From the above diagram, we can make use of Pythagoras’ theorem to obtain
 $ {y^2} + {x^2} = {r^2} $
Divide throughout by $ {r^2} $ ,
 $ \Rightarrow \dfrac{{{y^2}}}{{{r^2}}} + \dfrac{{{x^2}}}{{{r^2}}} = 1 $
We know that from the diagram,
 $ \dfrac{{{y^2}}}{{{r^2}}} = {\sin ^2}\theta $ and $ \dfrac{{{x^2}}}{{{r^2}}} = {\cos ^2}\theta $
Hence, the expression becomes,
 $ {\sin ^2}\theta + {\cos ^2}\theta = 1 $ , this is an important identity.
Now, let us divide throughout by $ {\cos ^2}\theta $
\[ \Rightarrow \dfrac{{{{\sin }^2}\theta }}{{{{\cos }^2}\theta }} + \dfrac{{{{\cos }^2}\theta }}{{{{\cos }^2}\theta }} = \dfrac{1}{{{{\cos }^2}\theta }}\]
On further simplification we get,
 $ {\tan ^2}\theta + 1 = {\sec ^2}\theta $
Let us replace $ \theta $ by $ \dfrac{\pi }{2} - x $
 $ \Rightarrow {\tan ^2}\left( {\dfrac{\pi }{2} - x} \right) + 1 = {\sec ^2}\left( {\dfrac{\pi }{2} - x} \right) $
Subtracting $ 1 $ from both the sides
 $ \Rightarrow {\tan ^2}\left( {\dfrac{\pi }{2} - x} \right) = {\sec ^2}\left( {\dfrac{\pi }{2} - x} \right) - 1 $
We know that $ \tan \left( {\dfrac{\pi }{2} - \theta } \right) = \cot \theta $
Hence, $ {\sec ^2}\left( {\dfrac{\pi }{2} - x} \right) - 1 = {\cot ^2}x $

Note: Trigonometric identities used in the above solutions are Reciprocal identities, Pythagorean identities and Quotient identities.
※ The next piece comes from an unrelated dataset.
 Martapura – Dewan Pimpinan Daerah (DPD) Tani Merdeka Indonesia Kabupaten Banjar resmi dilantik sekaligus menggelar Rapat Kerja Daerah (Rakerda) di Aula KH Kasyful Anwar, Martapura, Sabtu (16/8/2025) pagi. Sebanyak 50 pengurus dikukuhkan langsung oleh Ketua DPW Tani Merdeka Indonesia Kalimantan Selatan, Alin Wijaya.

These identities are given below:
Reciprocal identities:
 $
  \sin \theta = \dfrac{1}{{\csc \theta }} \\
  \cos \theta = \dfrac{1}{{\sec \theta }} \\
  \tan \theta = \dfrac{1}{{\cot \theta }} \;
 $
Pythagorean identities:
\[
  {\sin ^2}\theta + {\cos ^2}\theta = 1 \\
  1 + {\tan ^2}\theta = {\sec ^2}\theta \\
  1 + {\cot ^2}\theta = {\csc ^2}\theta \;
 \]
Quotient identities:
 $
  \dfrac{{\sin \theta }}{{\cos \theta }} = \tan \theta \\
  \dfrac{{\cos \theta }}{{\sin \theta }} = \cot \theta \;
 $
There are two more identities other than these. They are Cofunction identities and Even Odd identities.
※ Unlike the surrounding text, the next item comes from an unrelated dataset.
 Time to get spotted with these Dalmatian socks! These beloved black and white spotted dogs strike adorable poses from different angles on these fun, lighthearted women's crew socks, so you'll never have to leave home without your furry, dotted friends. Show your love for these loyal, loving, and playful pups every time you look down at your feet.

 $ \bullet $ Learn these formulas that are given above well, so that it will be easier to recognize what procedure and steps are followed in solving such questions.
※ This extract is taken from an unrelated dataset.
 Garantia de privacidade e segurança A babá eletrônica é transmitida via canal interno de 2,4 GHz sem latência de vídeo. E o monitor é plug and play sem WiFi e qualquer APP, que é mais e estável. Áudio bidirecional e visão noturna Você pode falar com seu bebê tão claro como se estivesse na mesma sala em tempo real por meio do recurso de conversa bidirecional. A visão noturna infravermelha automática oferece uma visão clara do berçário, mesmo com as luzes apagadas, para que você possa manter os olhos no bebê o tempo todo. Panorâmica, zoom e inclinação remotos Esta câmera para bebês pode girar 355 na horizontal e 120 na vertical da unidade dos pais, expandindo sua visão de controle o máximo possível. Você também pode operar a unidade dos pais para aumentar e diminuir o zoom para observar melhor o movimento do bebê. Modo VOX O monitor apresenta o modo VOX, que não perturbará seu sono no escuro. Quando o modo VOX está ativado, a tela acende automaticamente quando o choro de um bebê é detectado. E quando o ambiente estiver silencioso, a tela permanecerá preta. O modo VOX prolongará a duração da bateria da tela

 $ \bullet $ First, simplify the most complex side so that it has the same form as the simplest side.
That is, first start simplifying on one side and make it look like the other side.
 $ \bullet $ If the given question contains a squared term, then we make use of one of the Pythagorean identities which was mentioned earlier.